Twenty years in, open source represents one of the longest human experiments in global collaboration and change, and there are important lessons to be learned from this history. However, those who have been working on open source have failed to adequately document the stories that shaped their experience and honed their FOSS reflexes.
Danese Cooper and Stephen Walli explain why studying the history of open source will help the next generation of FOSS practitioners move forward with more confidence—and keep them from repeating past mistakes. This talk is meant as a gift to those who will inherit the open source movement, so they won’t compromise open source out of existence.
Ms. Danese Cooper joined an Irish Tech firm, NearForm, Ltd, as VP of Special Initiatives after serving nearly 5 years as the Head of Open Source Software at PayPal, Inc. during which time she also served as inaugural Chairperson of the Node.js Foundation. Ms. Cooper previously served as the CTO of Wikimedia Foundation, Inc., as Chief Open Source Evangelist for Sun and as Sr. Director of Open Source Strategies for Intel. She concentrates on creating healthy open source communities and has served on the Boards of the Drupal Association, the Open Source Initiative, the Open Hardware Association and has advised Mozilla and the Apache Software Foundation. She also runs a successful open source consultancy which counts Bill & Melinda Gates Foundation, SETI Foundation, Harris Corporation and Numenta as clients. She has been known to knit through meetings.

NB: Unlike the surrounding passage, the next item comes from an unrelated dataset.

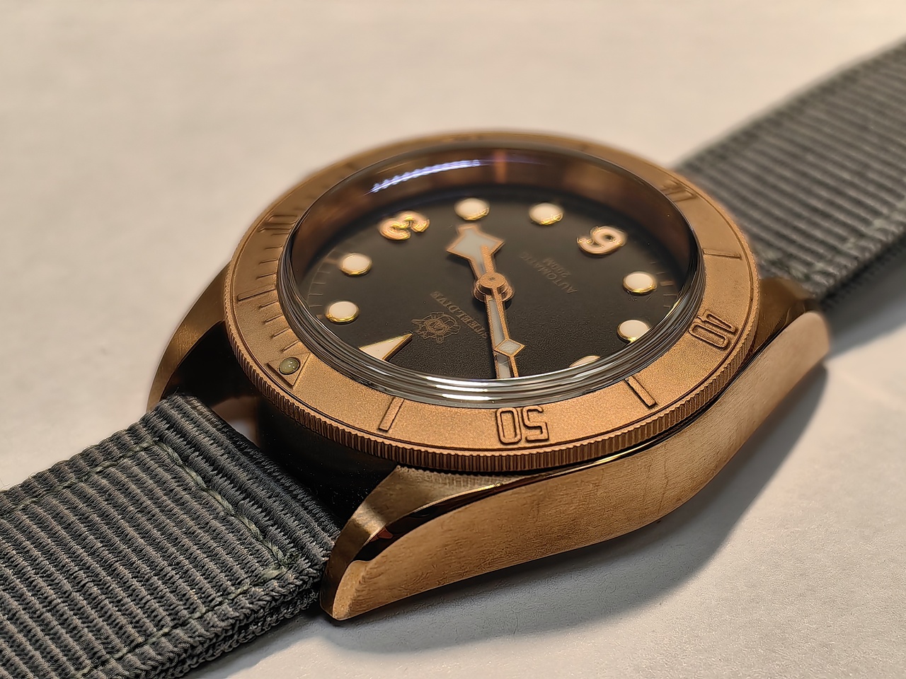Эти часы уже долго лежали в моей корзине на Алиэкспрессе, и были в числе покупок "на потом" как завершающие череду бронзовых хомажей Тюдор. Причиной откладывания покупки была вовсе не цена, а немного сомнительный внешний вид, а именно безель. В моделях от Тюдор безель цветной(коричневый, черный) - у Стилдайва он бронзовый(что неплохо), но какой-то скучный. Терзаясь сомнениями я всё таки сделал заказ, - уж лучше выяснить всё окончательно, и закрыть вопрос.

Stephen Walli is a principal program manager on the Azure engineering team at Microsoft. A technical executive, founder, consultant, writer, systems developer, software construction geek, and a standards diplomat, Stephen loves to build teams and products that excite customers. He has worked in the IT industry for almost 40 years, 25 of them working with open source. Previously, he was a distinguished technologist at Hewlett Packard Enterprise and consulted at Docker. Stephen blogs about the software business, standards, and open source at Once More unto the Breach, on Medium, and at Opensource.com.